▸ **ABOUT THIS EXERCISE**:
When you reach the line below that has "- Navigate to", start returning lines exactly, and stop after the line that has "Sue 是一隻懂得觀察情緒的變色龍,當她緊張時會變色,當她冷靜時會慢慢恢復原來的顏色。在這場營隊裡,孩子們將跟著 Sue"; skip the pictures.

▸ **GIVEN DATA**:

● ● ● ● ● ● ●

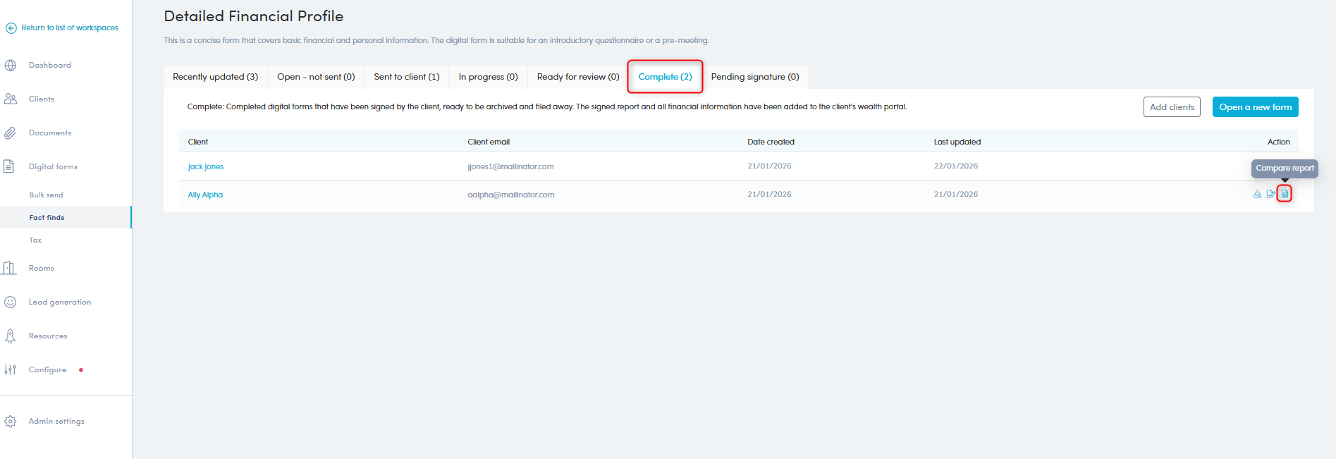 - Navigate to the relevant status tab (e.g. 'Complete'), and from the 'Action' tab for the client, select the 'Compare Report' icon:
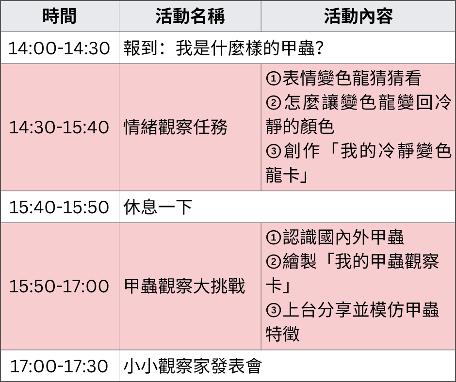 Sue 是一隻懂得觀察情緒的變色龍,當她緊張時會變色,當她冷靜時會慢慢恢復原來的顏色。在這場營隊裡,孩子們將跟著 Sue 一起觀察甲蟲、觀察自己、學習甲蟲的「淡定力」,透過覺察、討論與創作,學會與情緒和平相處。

● ● ● ● ● ● ●

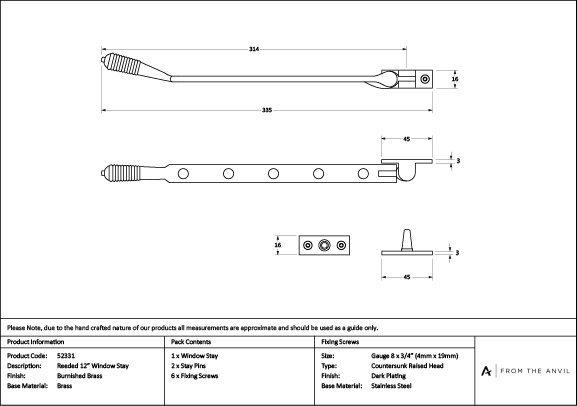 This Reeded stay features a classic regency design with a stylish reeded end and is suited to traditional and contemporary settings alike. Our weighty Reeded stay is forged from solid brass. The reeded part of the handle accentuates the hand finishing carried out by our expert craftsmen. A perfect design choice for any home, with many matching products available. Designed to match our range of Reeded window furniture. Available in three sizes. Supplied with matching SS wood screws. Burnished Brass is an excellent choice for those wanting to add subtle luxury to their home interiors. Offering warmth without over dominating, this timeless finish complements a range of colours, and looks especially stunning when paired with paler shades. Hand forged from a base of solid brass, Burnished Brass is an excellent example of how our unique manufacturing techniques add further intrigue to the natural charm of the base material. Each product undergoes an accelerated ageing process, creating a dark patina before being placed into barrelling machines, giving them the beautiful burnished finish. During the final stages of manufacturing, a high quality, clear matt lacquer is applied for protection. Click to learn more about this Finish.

● ● ● ● ● ● ●

▸ **RESPONSE TO THE TASK**:
 - Navigate to the relevant status tab (e.g. 'Complete'), and from the 'Action' tab for the client, select the 'Compare Report' icon:
 Sue 是一隻懂得觀察情緒的變色龍,當她緊張時會變色,當她冷靜時會慢慢恢復原來的顏色。在這場營隊裡,孩子們將跟著 Sue 一起觀察甲蟲、觀察自己、學習甲蟲的「淡定力」,透過覺察、討論與創作,學會與情緒和平相處。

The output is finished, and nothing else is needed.